[THE DATA]:
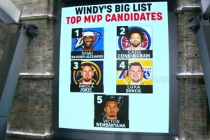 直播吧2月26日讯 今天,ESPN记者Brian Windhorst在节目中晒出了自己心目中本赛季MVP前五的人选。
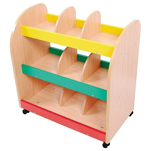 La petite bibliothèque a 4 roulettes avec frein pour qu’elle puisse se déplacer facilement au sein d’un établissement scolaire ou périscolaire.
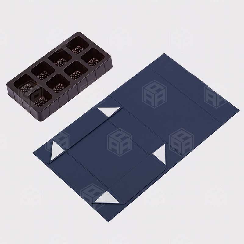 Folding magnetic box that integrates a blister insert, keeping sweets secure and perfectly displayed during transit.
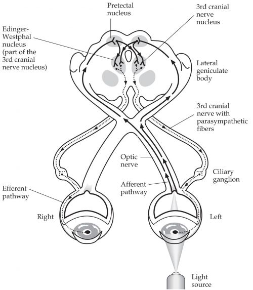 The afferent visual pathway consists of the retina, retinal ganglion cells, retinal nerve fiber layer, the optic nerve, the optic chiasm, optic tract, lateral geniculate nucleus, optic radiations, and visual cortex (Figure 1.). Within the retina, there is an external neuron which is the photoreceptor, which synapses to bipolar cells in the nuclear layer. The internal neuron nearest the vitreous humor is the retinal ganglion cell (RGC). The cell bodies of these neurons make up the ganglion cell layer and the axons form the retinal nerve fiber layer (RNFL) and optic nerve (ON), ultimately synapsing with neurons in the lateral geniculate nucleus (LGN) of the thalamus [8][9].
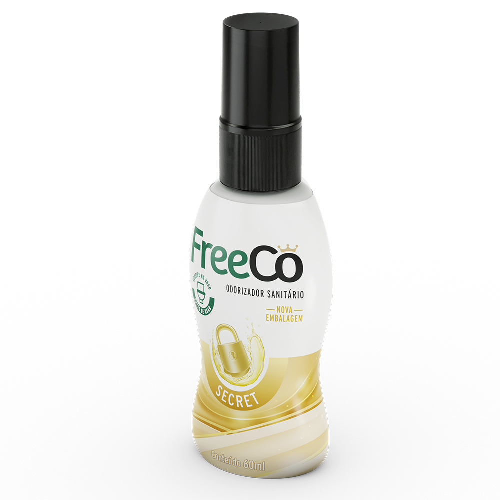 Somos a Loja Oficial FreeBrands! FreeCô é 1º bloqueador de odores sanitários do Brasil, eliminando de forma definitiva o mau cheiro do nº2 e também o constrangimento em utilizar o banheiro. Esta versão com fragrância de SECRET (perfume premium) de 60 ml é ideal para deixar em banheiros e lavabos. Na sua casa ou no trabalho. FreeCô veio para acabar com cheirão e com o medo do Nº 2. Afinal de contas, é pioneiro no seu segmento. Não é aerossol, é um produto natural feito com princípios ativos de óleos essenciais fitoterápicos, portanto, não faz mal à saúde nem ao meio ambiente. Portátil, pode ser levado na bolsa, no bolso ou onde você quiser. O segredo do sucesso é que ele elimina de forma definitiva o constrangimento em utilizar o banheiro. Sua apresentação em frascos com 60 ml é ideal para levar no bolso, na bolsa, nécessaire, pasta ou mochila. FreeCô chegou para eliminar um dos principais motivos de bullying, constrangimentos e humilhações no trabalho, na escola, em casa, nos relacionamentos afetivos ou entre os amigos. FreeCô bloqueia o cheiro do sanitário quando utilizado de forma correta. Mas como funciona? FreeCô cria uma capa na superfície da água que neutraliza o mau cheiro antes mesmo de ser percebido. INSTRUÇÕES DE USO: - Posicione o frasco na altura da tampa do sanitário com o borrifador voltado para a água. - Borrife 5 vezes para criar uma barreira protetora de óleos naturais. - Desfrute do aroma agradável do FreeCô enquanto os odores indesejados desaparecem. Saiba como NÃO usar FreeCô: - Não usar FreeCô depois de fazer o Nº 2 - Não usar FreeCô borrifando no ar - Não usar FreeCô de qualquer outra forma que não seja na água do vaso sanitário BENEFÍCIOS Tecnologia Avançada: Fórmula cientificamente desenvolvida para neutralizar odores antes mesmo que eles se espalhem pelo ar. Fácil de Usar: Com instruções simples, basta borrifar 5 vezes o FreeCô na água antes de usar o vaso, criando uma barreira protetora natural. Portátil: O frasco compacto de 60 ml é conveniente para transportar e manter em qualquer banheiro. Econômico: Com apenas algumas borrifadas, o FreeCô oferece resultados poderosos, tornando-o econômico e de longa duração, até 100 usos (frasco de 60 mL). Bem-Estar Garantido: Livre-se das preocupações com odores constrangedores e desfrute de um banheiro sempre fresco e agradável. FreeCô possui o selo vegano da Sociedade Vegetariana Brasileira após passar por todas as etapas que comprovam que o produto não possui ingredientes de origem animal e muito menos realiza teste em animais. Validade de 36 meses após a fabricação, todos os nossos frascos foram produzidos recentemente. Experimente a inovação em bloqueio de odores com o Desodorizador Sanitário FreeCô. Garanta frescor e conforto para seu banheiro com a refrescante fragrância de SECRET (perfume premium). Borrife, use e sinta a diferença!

[ABOUT THIS EXERCISE]:
Of the lines above, copy only those from the one holding "La petite bibliothèque" to the one holding "The afferent visual", both included, and exclude every image.

[OUTPUT OF THE EXERCISE]:
 La petite bibliothèque a 4 roulettes avec frein pour qu’elle puisse se déplacer facilement au sein d’un établissement scolaire ou périscolaire.
 Folding magnetic box that integrates a blister insert, keeping sweets secure and perfectly displayed during transit.
 The afferent visual pathway consists of the retina, retinal ganglion cells, retinal nerve fiber layer, the optic nerve, the optic chiasm, optic tract, lateral geniculate nucleus, optic radiations, and visual cortex (Figure 1.). Within the retina, there is an external neuron which is the photoreceptor, which synapses to bipolar cells in the nuclear layer. The internal neuron nearest the vitreous humor is the retinal ganglion cell (RGC). The cell bodies of these neurons make up the ganglion cell layer and the axons form the retinal nerve fiber layer (RNFL) and optic nerve (ON), ultimately synapsing with neurons in the lateral geniculate nucleus (LGN) of the thalamus [8][9].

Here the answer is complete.